Records from a dataset
────────────────────────────────────────
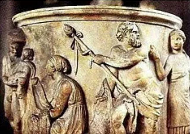 狄奥尼索斯,后来被罗马人称为酒神,手持茴香权杖交织着常春藤叶子并且顶部有一个松果。
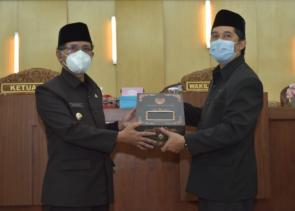 Bupati Boyolali M. Said Hidayat menyerahkan laporan LKPJ 2021 kepada Ketua DPRD Boyolali Marsono (yulianto/Fokusjateng.com)
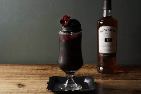 ベースとなるのは、ベリーの甘酸っぱいソーダ。ほんのり香るローズと、スモーキーな味わいが特徴のウイスキー・アイラモルトを合わせ、大人な味わいに。トップには、デンマーク産の泥炭(ピート)をはじめとする天然の色素で色付けした“真っ黒”なバニラアイスをあしらった。仕上げに、黒に映えるビオラの花びらと、味のアクセントとしてピンクペッパーを散りばめ、プレミアムな1杯に仕上げている。
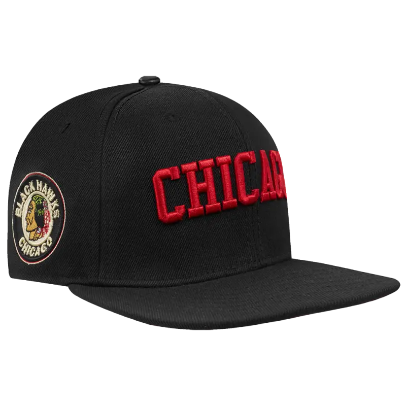 NHL CHICAGO BLACKHAWKS RETRO CLASSIC UNISEX WORDMARK LOGO WOOL SNAPBACK (BLACK)
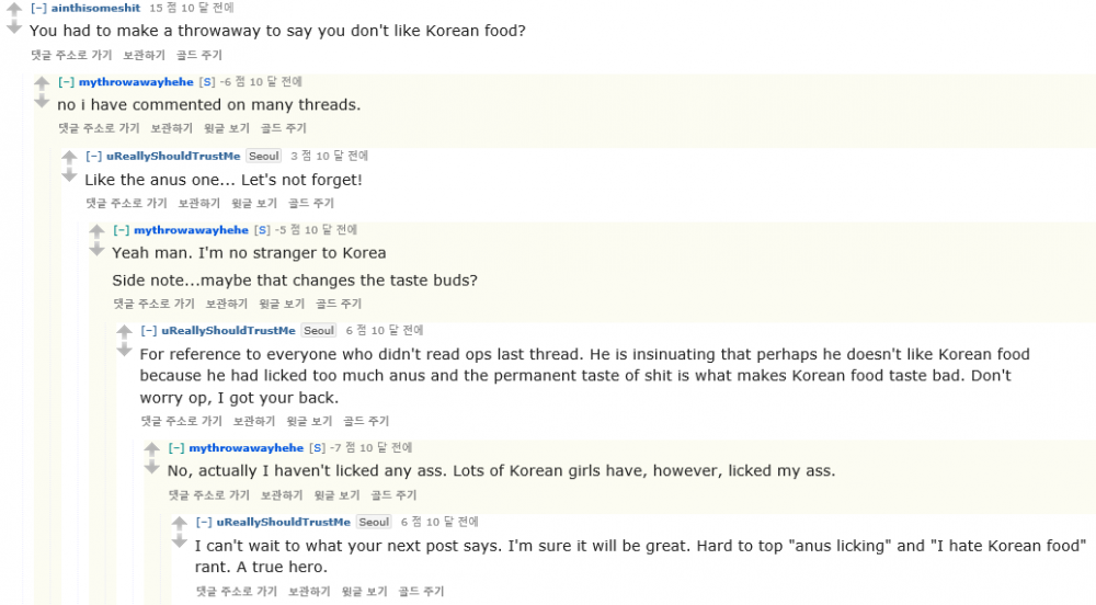 -----"다음 글 기대되네 분명 '엉덩이 핥기'랑 "한국 음식 맛없음" 글 뿐일 테니까
────────────────────────────────────────
EXERCISE INSTRUCTIONS: Without including any images, output the data exactly as given.

FINISHED EXERCISE:
 狄奥尼索斯,后来被罗马人称为酒神,手持茴香权杖交织着常春藤叶子并且顶部有一个松果。
 Bupati Boyolali M. Said Hidayat menyerahkan laporan LKPJ 2021 kepada Ketua DPRD Boyolali Marsono (yulianto/Fokusjateng.com)
 ベースとなるのは、ベリーの甘酸っぱいソーダ。ほんのり香るローズと、スモーキーな味わいが特徴のウイスキー・アイラモルトを合わせ、大人な味わいに。トップには、デンマーク産の泥炭(ピート)をはじめとする天然の色素で色付けした“真っ黒”なバニラアイスをあしらった。仕上げに、黒に映えるビオラの花びらと、味のアクセントとしてピンクペッパーを散りばめ、プレミアムな1杯に仕上げている。
 NHL CHICAGO BLACKHAWKS RETRO CLASSIC UNISEX WORDMARK LOGO WOOL SNAPBACK (BLACK)
 -----"다음 글 기대되네 분명 '엉덩이 핥기'랑 "한국 음식 맛없음" 글 뿐일 테니까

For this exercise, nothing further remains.